Rethink on approach to low precision FP types

That’s correct. If you want to use #my_research.custom_float inside an MLIR vector type or use certain ops such as those from the arith dialect, we need (3) because those types/ops only accept types that upstream MLIR considers to be float types (i.e., FloatType).

Yes, that’s what I implemented in the above-mentioned PR. It comes at a compilation time cost though.

Thanks for the analysis. I think this provides a pretty reasonably derived worst case bound to what the cost is.

I don’t know how to make this decision, but the first thing I would want to ask is what the typical cost is for a moderately complicated real world program. My guess is that the cost is probably negligible in such cases. And that is a far easier position to argue a benefit from if it is true.

2 Likes

The “heaviest” integration test that we have in MLIR is the sparse compiler test suite. But that’s still a pretty small test.

Benchmark 1: mlir-opt sparse_binary.mlir --sparsifier="enable-runtime-library=false enable-buffer-initialization=true vl=2 reassociate-fp-reductions=true enable-index-optimizations=true"
  BEFORE
  Time (mean ± σ):     229.5 ms ±   4.4 ms    [User: 331.0 ms, System: 103.6 ms]
  Range (min … max):   222.7 ms … 241.3 ms    50 runs

  AFTER
  Time (mean ± σ):     230.8 ms ±   3.6 ms    [User: 332.2 ms, System: 105.8 ms]
  Range (min … max):   225.1 ms … 247.4 ms    50 runs

Do you have some larger examples/models in IREE that I can try? (And instructions how to compile them?) If I remember correctly, the IREE CI can also measure compilation time. Would that be a good indicator or is the data too noisy?

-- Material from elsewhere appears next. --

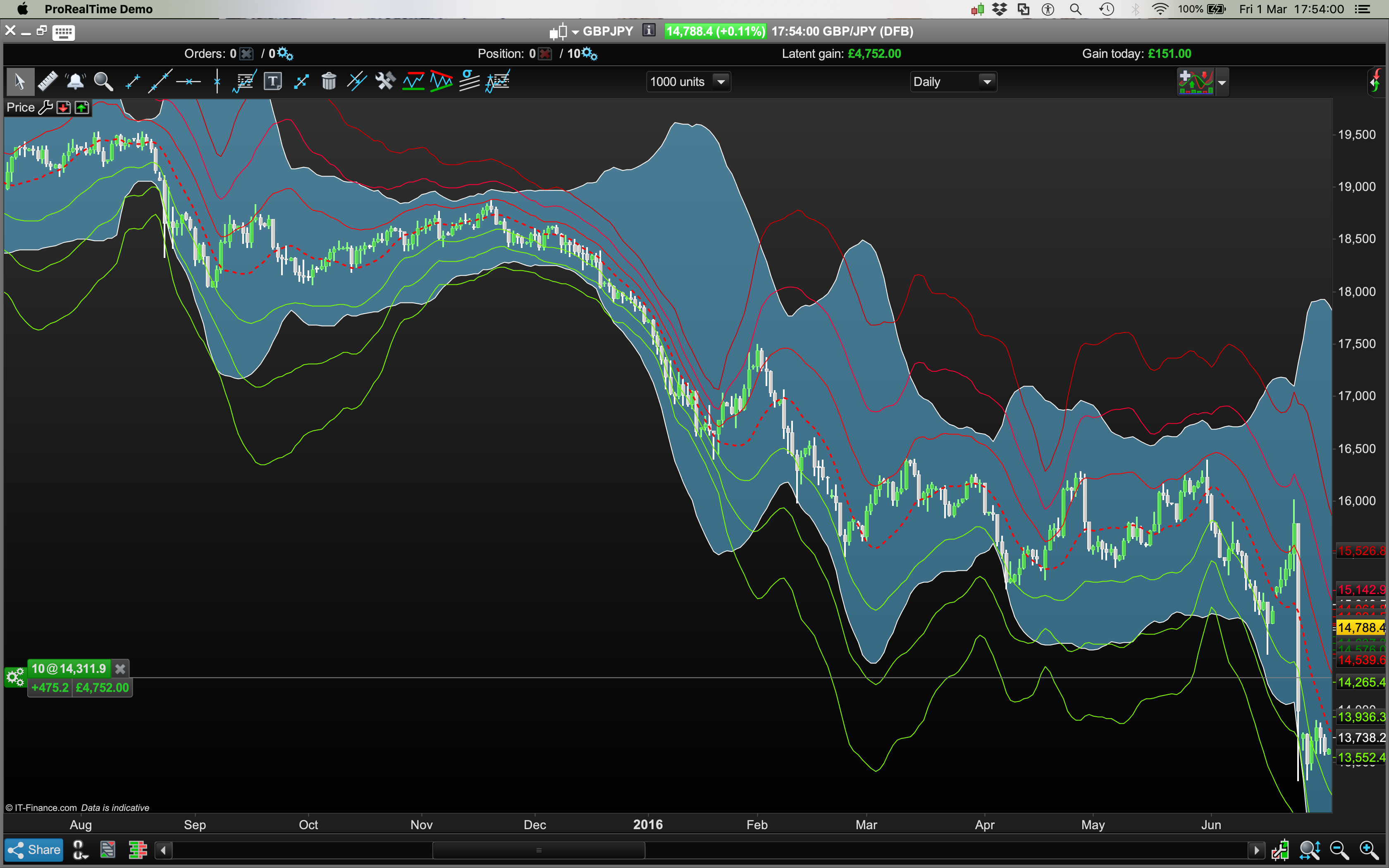When these bands narrow, be warned. (See GBP/Yen screenshot with overlay of a 30 day Bollinger at 3.6 Std Devs for comparison).

@marbre anything come to mind to test?

May also want to ask the flang guys.

Just in case it might be tangentially relevant as a proof of existence for the parametrizability of the family of FP types, here are some reference (slow) conversion helpers between f32 and {f16,bf16,f8e4m3,f8e5m2,f8e4m3fnuz,f8e5m2fnuz}. Just to give a taste of what a parameter space might look like.

May also want to ask the flang guys.

I did a few runs on big Fortran application using floating points (mainly WRF from SPEC FP 2017 (couple hundred Fortran files that take ~1100s to compile on an AMD EPYC 9334) and aermod_11 from Polyhedron (about 50kloc that takes about 80s to compile), I saw no measurable compile time impact with @matthias-springer patch.

Instrumenting the code, getFloatSemantics current number of calls in flang (at -O3) is roughly linear with the number of lines in these apps, so the extra cost there is not visible when compared to all the other compilation costs.

So I do not see problems with this change on our side.

3 Likes

That evidence is sufficient for me. +1 on opening up the type as @matthias-springer recommends.